ACOs are a part of our vision of a system that delivers better care, spends our dollars in a smarter way, and puts patients in the center of their care to keep them healthy.
“The updated proposed Medicaid managed care federal regulation published by the Centers for Medicare and Medicaid Services on June 1 is a formal recognition of managed care’s central role in national Medicaid policy and in the lives of beneficiaries, including families with children, people with disabilities or serious health conditions, and Medicare beneficiaries who also receive Medicaid (known as dual enrollees). Indeed, the proposal represents a regulatory milestone in the life of Medicaid, an acknowledgement of the program’s evolution over the past 25 years, and an exemplar of the reforms and tradeoffs that will determine Medicaid’s transformation from a welfare program into a pillar of national health reform and a major player in the health plan market.”

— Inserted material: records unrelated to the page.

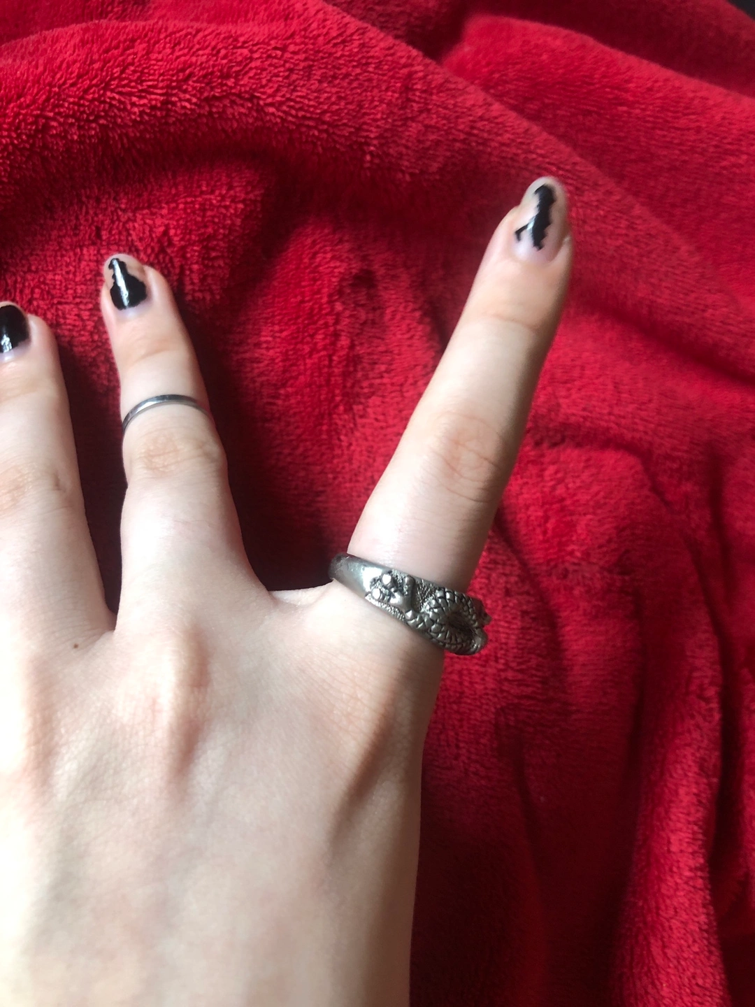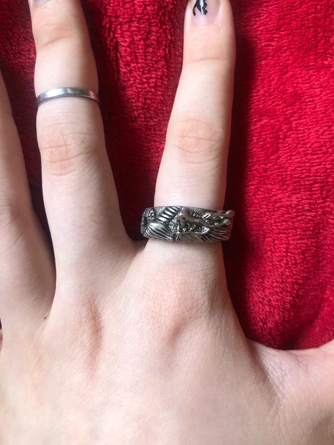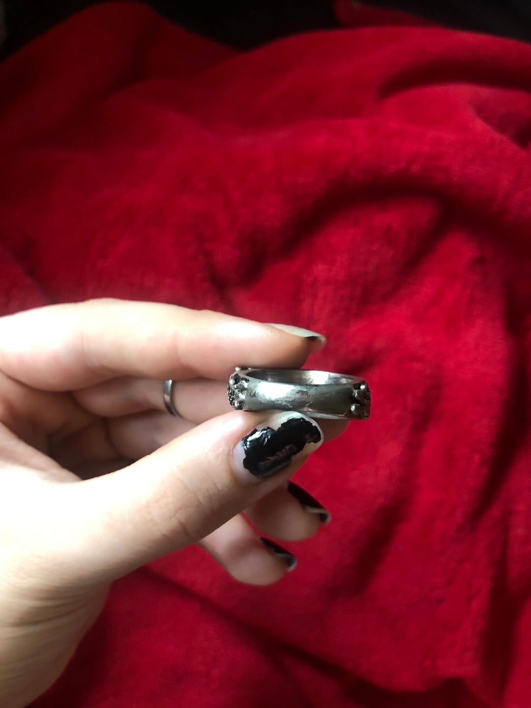 i thrifted this ring a long time ago so i’m unsure of the material, but it never stained my fingers so i’m guessing it’s a material that’s much more resistant to oxidization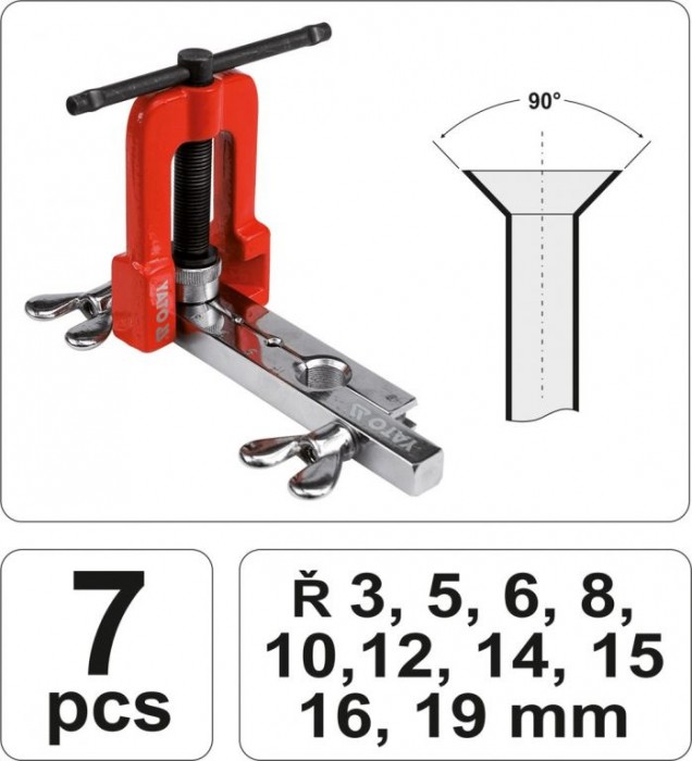 Lisovací nástroj pro ruční roztahování trubek a tváření kónických přírubových spojů s vrcholovým úhlem 90°. Přípravek je připraven na práci s odstupňovanými, normovanými průměry trubek 3; 5; 6; 8; 10; 12; 14; 15; 16 a 19 mm.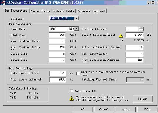 在Bus Parameters選項卡中,“Profile”,選擇“PROFIBUS DP”;可以根據需要設置站地址(Station Address),在網絡中不重復即可;其他出現警告的參數可通過點擊“Adjust”進行自動調整;如下圖: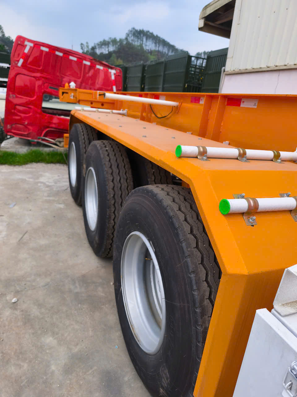 Mooc xương ZK 45ft 2025 – dài 13.75m, tải trọng 32.200 kg, 3 trục ZK, lốp 12R22.5 Double Coin, khung T700 chữ H, 12 chốt khóa container, phanh WABCO, sơn vàng tĩnh điện. Hotline: 0905 590 950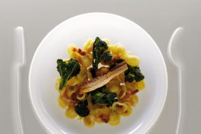 A l’origine, des « Broccoli in padella », recette classique du Latium dans laquelle les légumes sont préparés croquants, « al dente » comme les pâtes. Nous les avons mariés avec quelques asperges et relevé d’un énergique lard paysan.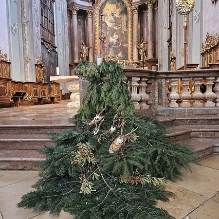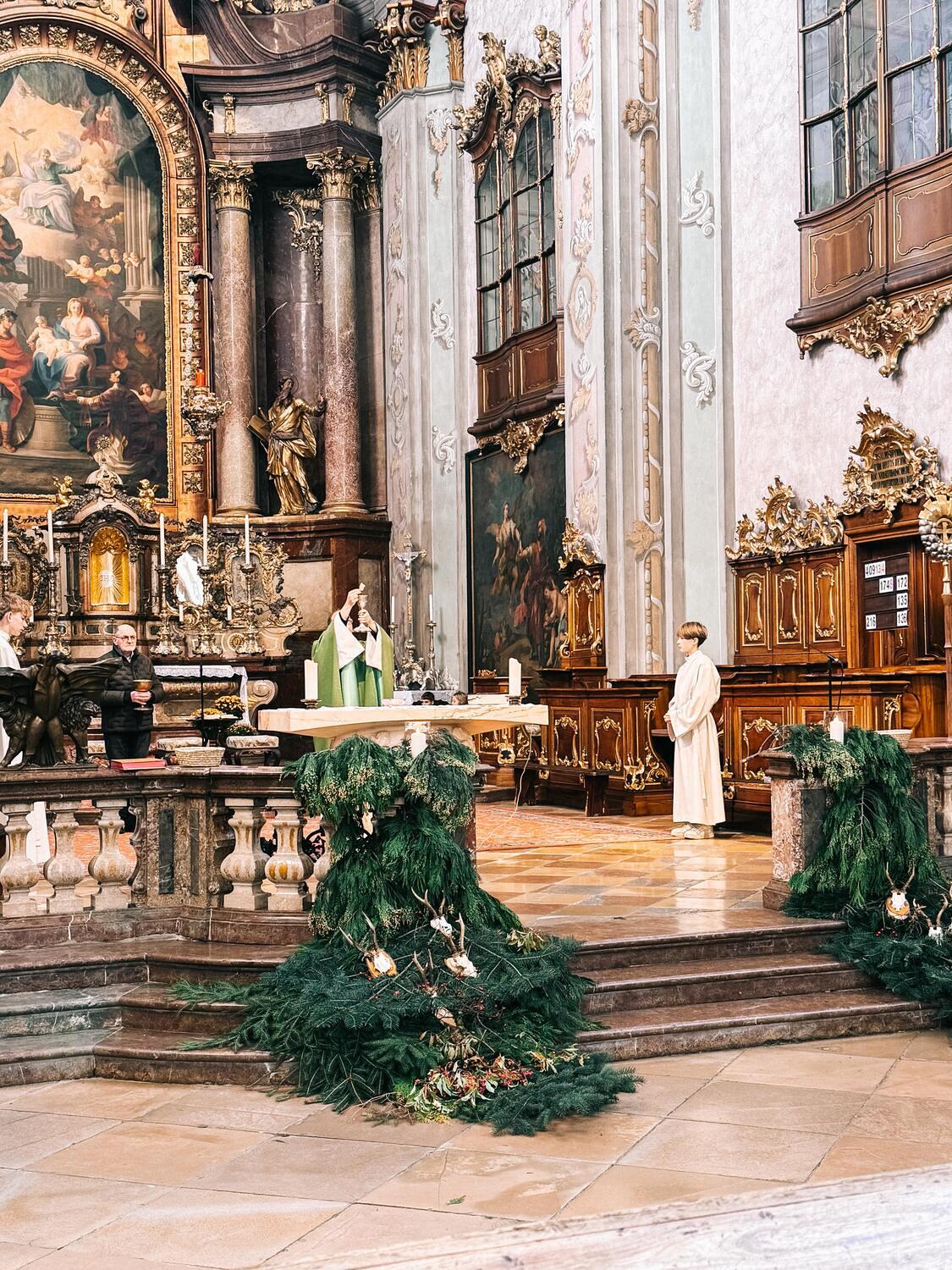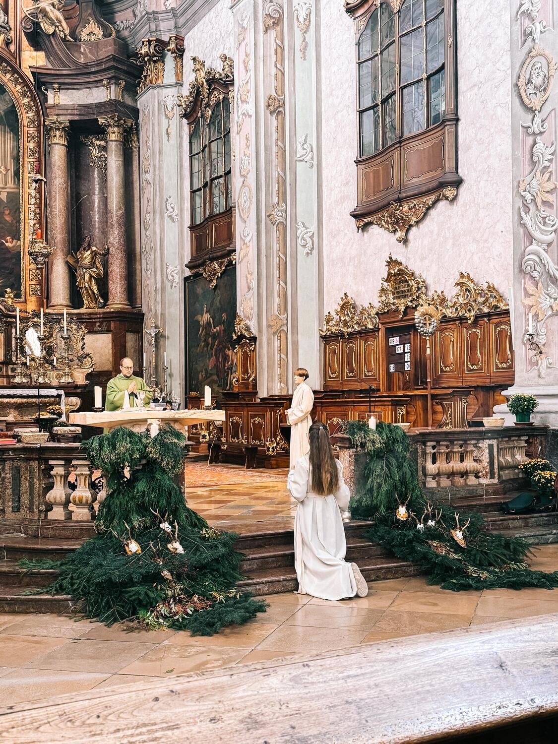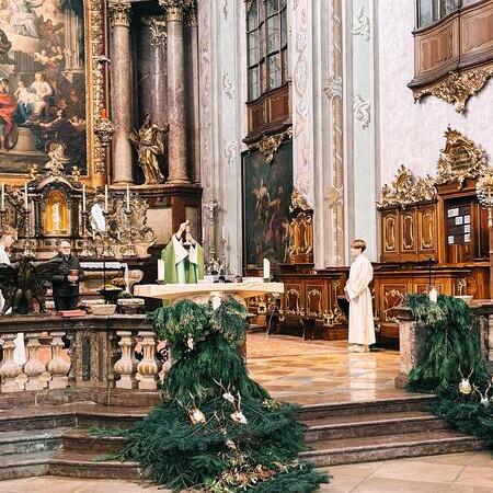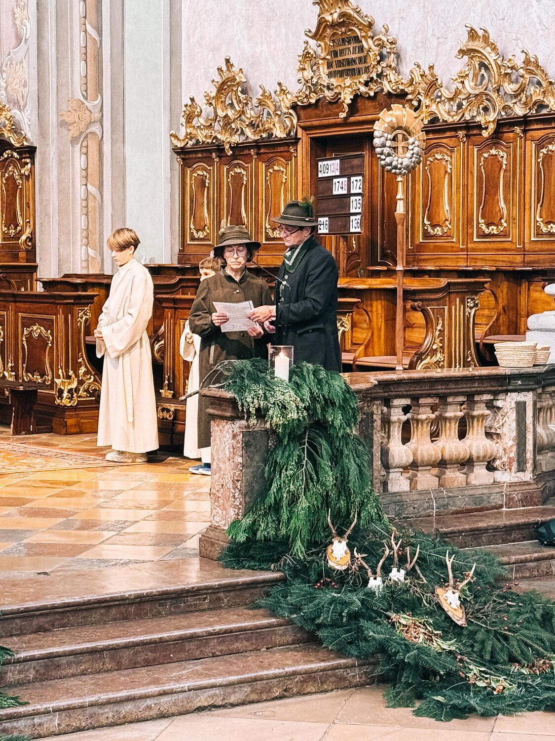 Nach dem feierlichen Einzug mit jagdlichen Klängen, bei dem Pfarrer H. Stephanus von etlichen Ministrantinnen und Ministranten sowie der Fahne der Jagd- und Schützengilde Herzogenburg begleitet wurde, feierten die Jägerinnen und Jäger gemeinsam mit der Herzogenburger Pfarrgemeinde den Sonntagsgottesdienst und gestalteten diesen auch mit.

The new proposed rule, she says, “aims to foster the growth of companies that offer health plans in both Medicaid and the Affordable Care Act’s health insurance marketplaces to allow consumers to remain with an insurer even when their source of subsidy changes. Second, it aims to promote health plan innovation and improve accountability and beneficiary protections, especially as higher-need populations are moved into managed care. Finally, the rule will help ensure more rigorous federal and state oversight of a burgeoning industry.”
The proposed rule would, Ms Rosenbaum reports:
“Extend most of the tougher standards that apply now only to comprehensive managed care organizations to limited-service plans that previously have been subject to less rigorous requirements in areas such as network, access, and quality performance standards.
“Tighten current actuarial soundness requirements for states to ensure payments to their health plans accurately reflect both what is covered under their contracts and the cost of furnishing those covered benefits to specific Medicaid beneficiary groups.
“Use an 85 percent medical loss ratio, which would require that insurers doing business with Medicaid programs spend 85 percent of premium revenue on medical care and quality improvement, as a means of measuring whether states and consumers are receiving good value for premiums paid.
“Require states to set time and travel standards to measure the adequacy of provider networks, with a focus on primary healthcare, obstetrical care, pharmacy services, and children’s oral healthcare.
“Strengthen beneficiary grievance and appeals protections while simultaneously requiring plan members to exhaust their health plan appeals procedures prior to external review, as people enrolled in qualified health plans sold in the marketplace must do.
“Permit states to cover short-term inpatient treatment for mental illness and addiction disorders, thereby setting aside Medicaid’s traditional exclusion of federal funding for such treatments in the case of adults ages 21 to 64.
“Actively encourage insurance companies selling both Medicaid and marketplace health plans to advertise this fact, thereby exempting this activity from a longstanding ban on tie-in practices.
“Permit plans to offer additional benefits that are permissible under federal Medicaid law but not otherwise included in a state’s Medicaid plan.”